Work instructions - Transcribe only what runs from the line containing "돈카츠, 새우튀김1개, 가라아게, 온센타마고(온천달걀), 소우동, 샐러드, 연유치즈떡" through the end of the listing, line for line and exactly, and omit the pictures.

Data provided -
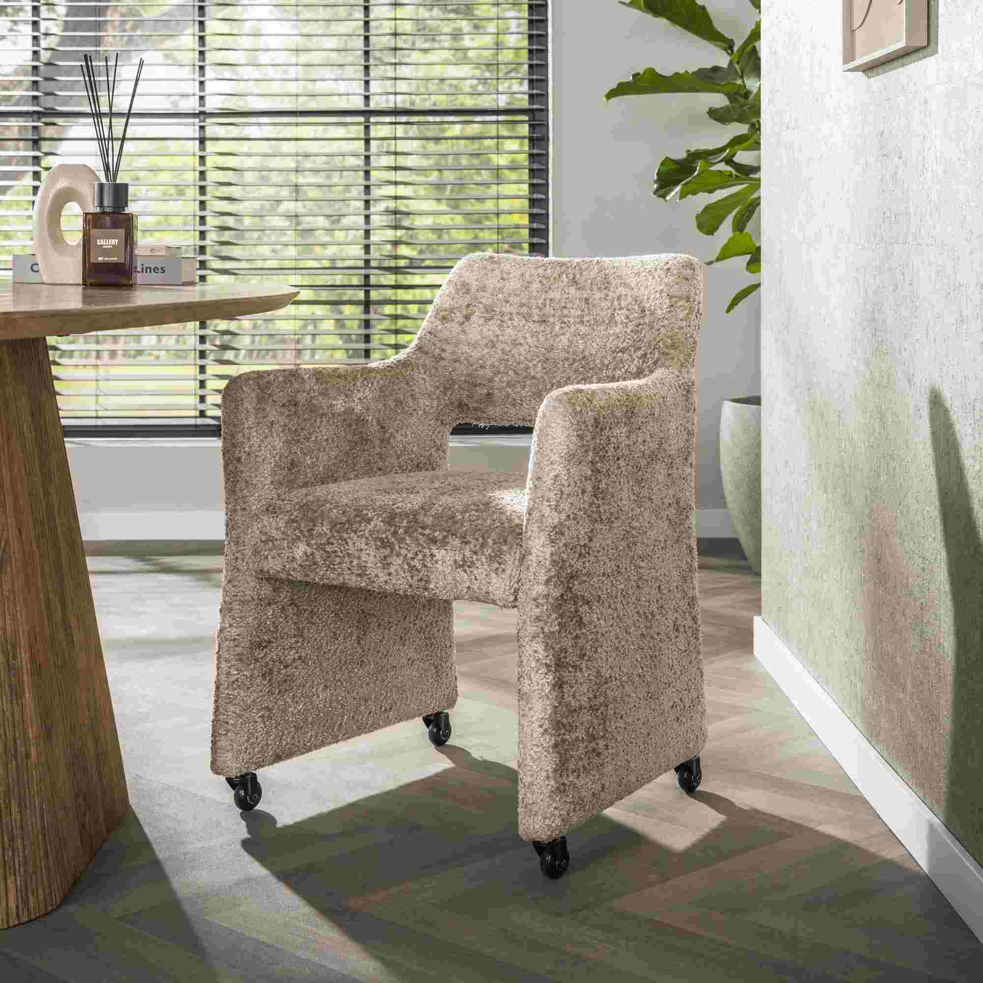 Produktinformationen "Armstuhl Amro 2er-Set mit Rollen und Teddy-Stoff, Sand"
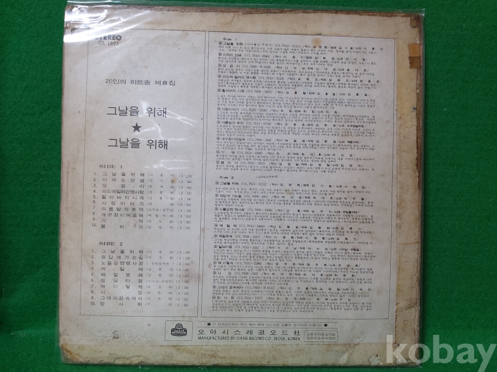 LP.레코드 = 가요 = 오아시스 20인의 히트송- 그날을 위해 / 에밀레
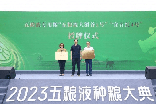在活動期間,除瞭組織進行秧苗紮根土地活動,還特意舉行瞭五糧液專用糧“五糧大酒谷1號”糯稻種和“宜五紅4號”糯紅高粱種命名授牌儀式。“五糧大酒谷1號”是由本地大酒谷改良而來,在保持其優質釀酒特性的同時,降低株高,改善抗病抗倒伏農藝性狀。“宜五紅4號”是經系統選育而成的釀酒型優質高粱品種,不僅出酒率高,而且用原料釀出來的白酒酒質比較好。
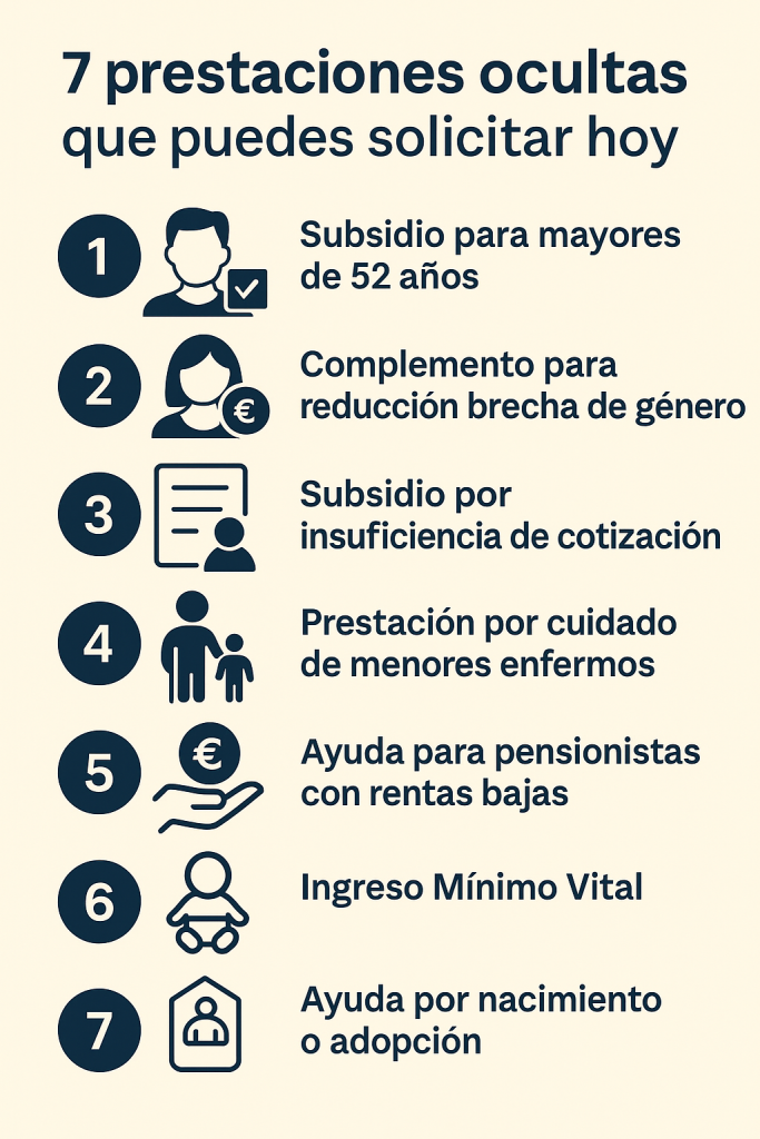 En esta guía rápida te explico 7 prestaciones a las que podrías tener derecho aunque no las conozcas. Incluyo los requisitos básicos y cómo tramitarlas para que no pierdas ninguna oportunidad.
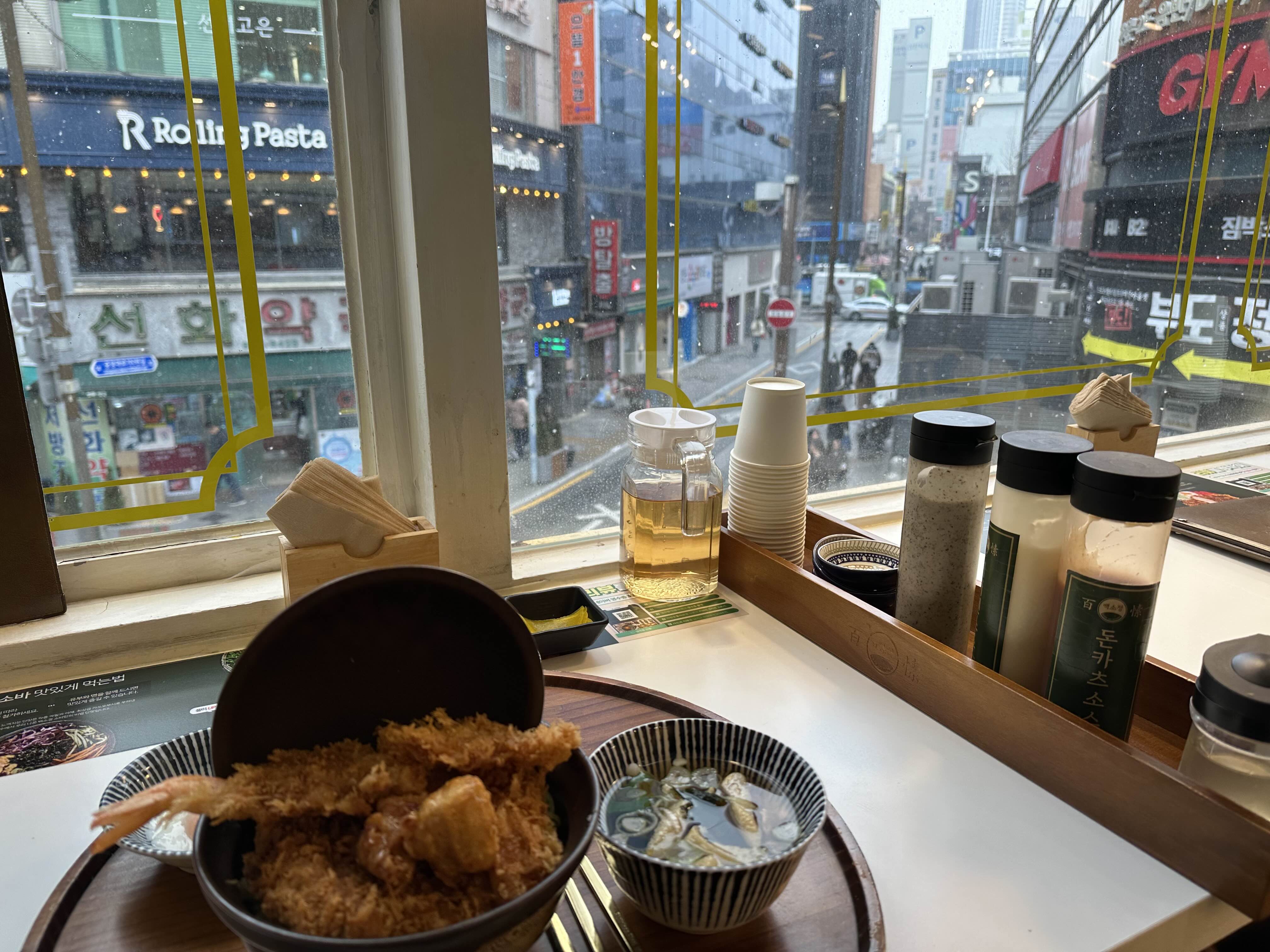 돈카츠, 새우튀김1개, 가라아게, 온센타마고(온천달걀), 소우동, 샐러드, 연유치즈떡
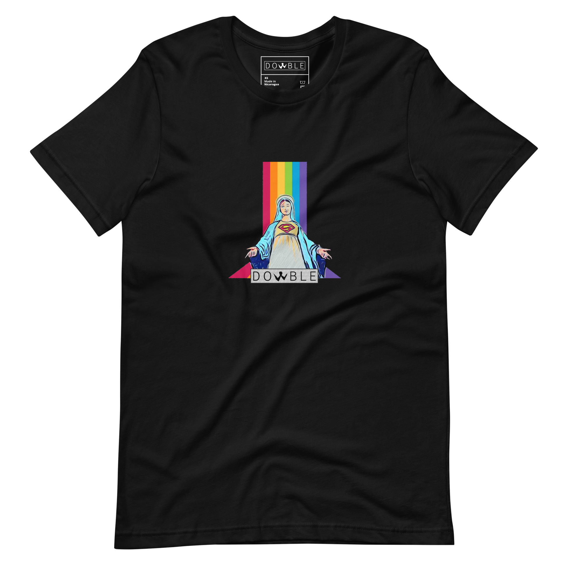 La t-shirt Holy presenta una stampa molto originale, combina l'iconografia cristiana con quella del celebre supereroe dei fumetti.
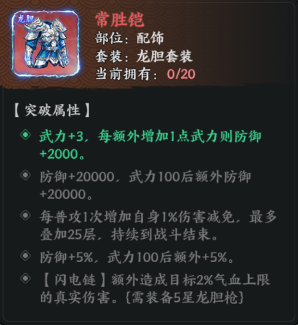 主提供防御加成与伤害减免。常胜铠与龙胆枪对应,突破至3星后可通过普攻叠加减伤,满层25%常驻减伤,极大提升坦度。突破至5星后可为闪电链附加目标最大生命2%的真实伤害,让闪电链打坦能力大幅提升,配合高频触发可快速削减坦克血量。
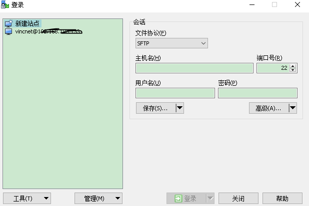 首先介绍站点的保存,在主界面左栏中,用于新建的站点配置和保存站点的显示。即点击“新建站点”,在右栏中配置文件协议、主机名、端口号、用户名、密码,保存后在左栏中显示。具体操作如下:
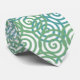 This necktie has a Boho design of overlapping spirals in blue and green on a field of white.
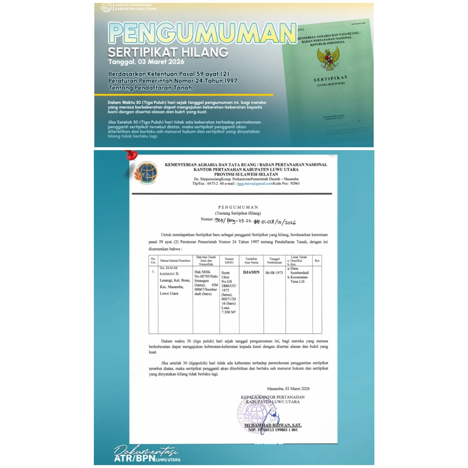 Luwu Utara – Liputan4.id-Dalam rangka menjamin kepastian hukum hak atas tanah dan menjaga tertib administrasi pertanahan, Kantor Pertanahan Kabupaten Luwu Utara menyampaikan pengumuman kepada masyarakat terkait sertipikat hak atas tanah yang dinyatakan hilang sebagai bagian dari proses penerbitan sertipikat pengganti. Selasa, 03 Maret 2026.

Written reply -
 돈카츠, 새우튀김1개, 가라아게, 온센타마고(온천달걀), 소우동, 샐러드, 연유치즈떡
 La t-shirt Holy presenta una stampa molto originale, combina l'iconografia cristiana con quella del celebre supereroe dei fumetti.
 主提供防御加成与伤害减免。常胜铠与龙胆枪对应,突破至3星后可通过普攻叠加减伤,满层25%常驻减伤,极大提升坦度。突破至5星后可为闪电链附加目标最大生命2%的真实伤害,让闪电链打坦能力大幅提升,配合高频触发可快速削减坦克血量。
 首先介绍站点的保存,在主界面左栏中,用于新建的站点配置和保存站点的显示。即点击“新建站点”,在右栏中配置文件协议、主机名、端口号、用户名、密码,保存后在左栏中显示。具体操作如下:
 This necktie has a Boho design of overlapping spirals in blue and green on a field of white.
 Luwu Utara – Liputan4.id-Dalam rangka menjamin kepastian hukum hak atas tanah dan menjaga tertib administrasi pertanahan, Kantor Pertanahan Kabupaten Luwu Utara menyampaikan pengumuman kepada masyarakat terkait sertipikat hak atas tanah yang dinyatakan hilang sebagai bagian dari proses penerbitan sertipikat pengganti. Selasa, 03 Maret 2026.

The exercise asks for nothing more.